→ **Activity**
When you reach the records below, output every one exactly as written but leave out any pictures.

→ **Collection entries**
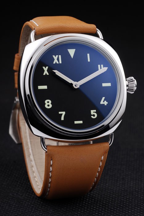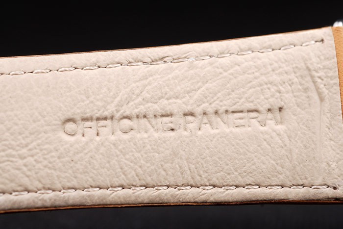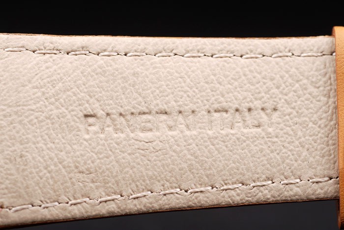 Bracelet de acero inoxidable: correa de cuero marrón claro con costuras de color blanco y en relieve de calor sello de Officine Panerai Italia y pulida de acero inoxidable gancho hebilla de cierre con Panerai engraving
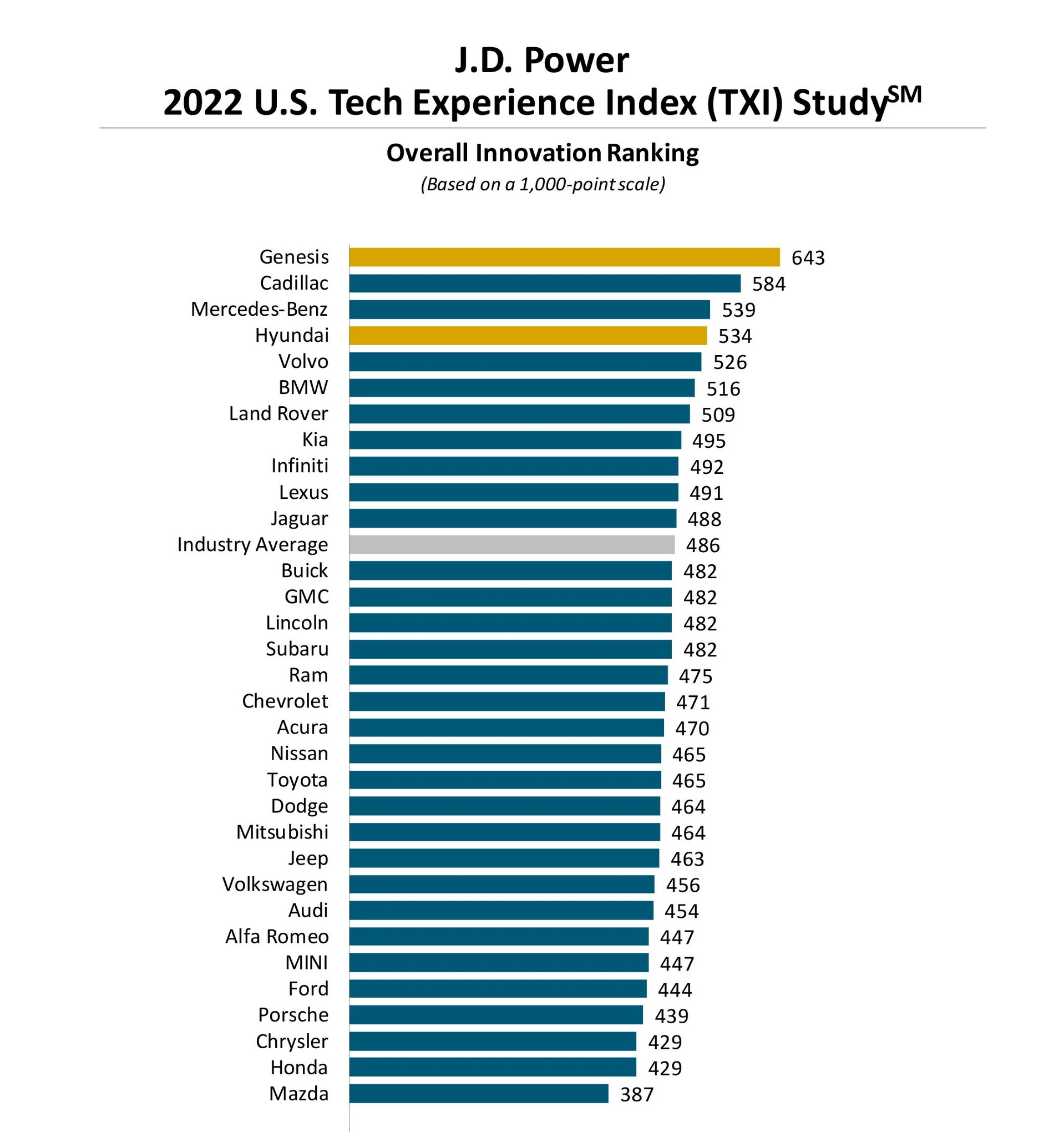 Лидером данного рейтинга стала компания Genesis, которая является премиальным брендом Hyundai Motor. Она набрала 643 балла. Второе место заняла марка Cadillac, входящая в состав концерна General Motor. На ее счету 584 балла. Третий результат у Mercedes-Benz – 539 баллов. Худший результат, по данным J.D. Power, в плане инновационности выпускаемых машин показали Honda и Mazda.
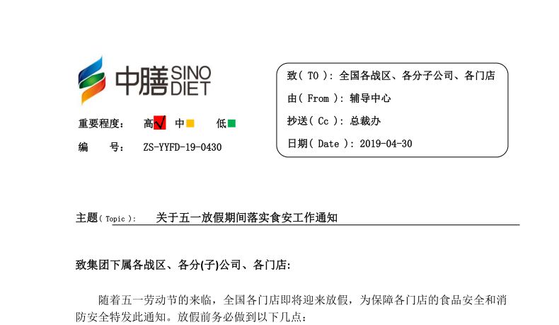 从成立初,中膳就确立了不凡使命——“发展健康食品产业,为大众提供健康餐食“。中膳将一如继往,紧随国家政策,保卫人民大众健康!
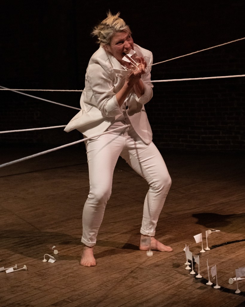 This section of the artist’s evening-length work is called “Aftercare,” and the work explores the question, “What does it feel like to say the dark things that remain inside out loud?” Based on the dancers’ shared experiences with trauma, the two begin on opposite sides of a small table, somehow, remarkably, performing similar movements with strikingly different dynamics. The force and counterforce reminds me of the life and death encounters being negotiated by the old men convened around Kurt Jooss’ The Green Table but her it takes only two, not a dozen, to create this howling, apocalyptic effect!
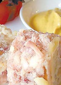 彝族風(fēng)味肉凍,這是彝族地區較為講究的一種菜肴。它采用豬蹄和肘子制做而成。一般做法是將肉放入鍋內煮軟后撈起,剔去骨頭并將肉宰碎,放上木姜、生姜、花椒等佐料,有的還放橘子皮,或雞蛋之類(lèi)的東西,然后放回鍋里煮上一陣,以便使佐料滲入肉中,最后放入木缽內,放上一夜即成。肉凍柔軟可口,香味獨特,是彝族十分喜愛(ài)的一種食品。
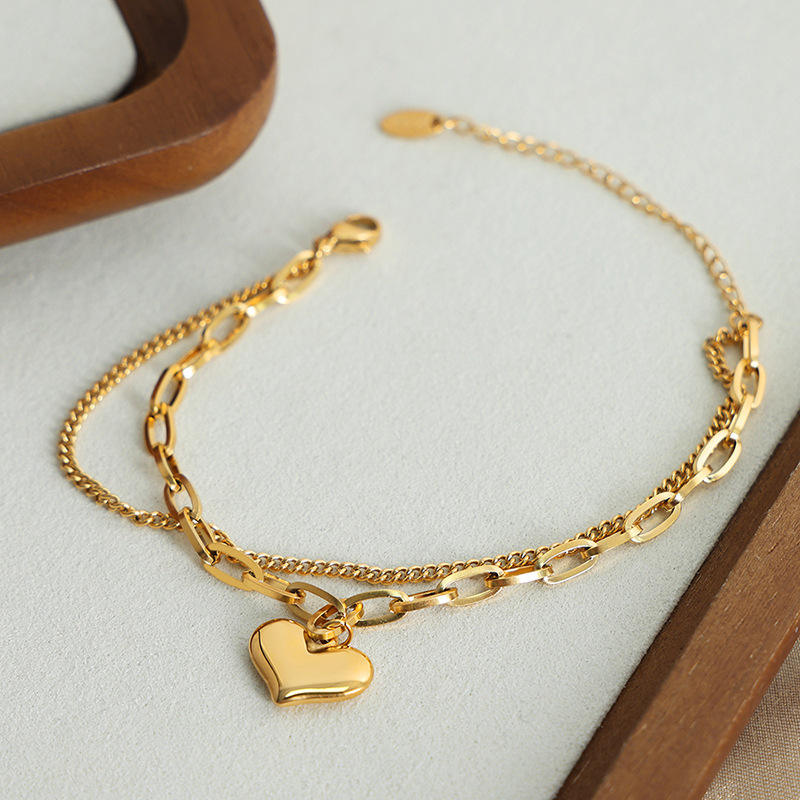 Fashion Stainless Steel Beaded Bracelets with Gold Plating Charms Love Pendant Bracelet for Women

→ **Answer box**
 Bracelet de acero inoxidable: correa de cuero marrón claro con costuras de color blanco y en relieve de calor sello de Officine Panerai Italia y pulida de acero inoxidable gancho hebilla de cierre con Panerai engraving
 Лидером данного рейтинга стала компания Genesis, которая является премиальным брендом Hyundai Motor. Она набрала 643 балла. Второе место заняла марка Cadillac, входящая в состав концерна General Motor. На ее счету 584 балла. Третий результат у Mercedes-Benz – 539 баллов. Худший результат, по данным J.D. Power, в плане инновационности выпускаемых машин показали Honda и Mazda.
 从成立初,中膳就确立了不凡使命——“发展健康食品产业,为大众提供健康餐食“。中膳将一如继往,紧随国家政策,保卫人民大众健康!
 This section of the artist’s evening-length work is called “Aftercare,” and the work explores the question, “What does it feel like to say the dark things that remain inside out loud?” Based on the dancers’ shared experiences with trauma, the two begin on opposite sides of a small table, somehow, remarkably, performing similar movements with strikingly different dynamics. The force and counterforce reminds me of the life and death encounters being negotiated by the old men convened around Kurt Jooss’ The Green Table but her it takes only two, not a dozen, to create this howling, apocalyptic effect!
 彝族風(fēng)味肉凍,這是彝族地區較為講究的一種菜肴。它采用豬蹄和肘子制做而成。一般做法是將肉放入鍋內煮軟后撈起,剔去骨頭并將肉宰碎,放上木姜、生姜、花椒等佐料,有的還放橘子皮,或雞蛋之類(lèi)的東西,然后放回鍋里煮上一陣,以便使佐料滲入肉中,最后放入木缽內,放上一夜即成。肉凍柔軟可口,香味獨特,是彝族十分喜愛(ài)的一種食品。
 Fashion Stainless Steel Beaded Bracelets with Gold Plating Charms Love Pendant Bracelet for Women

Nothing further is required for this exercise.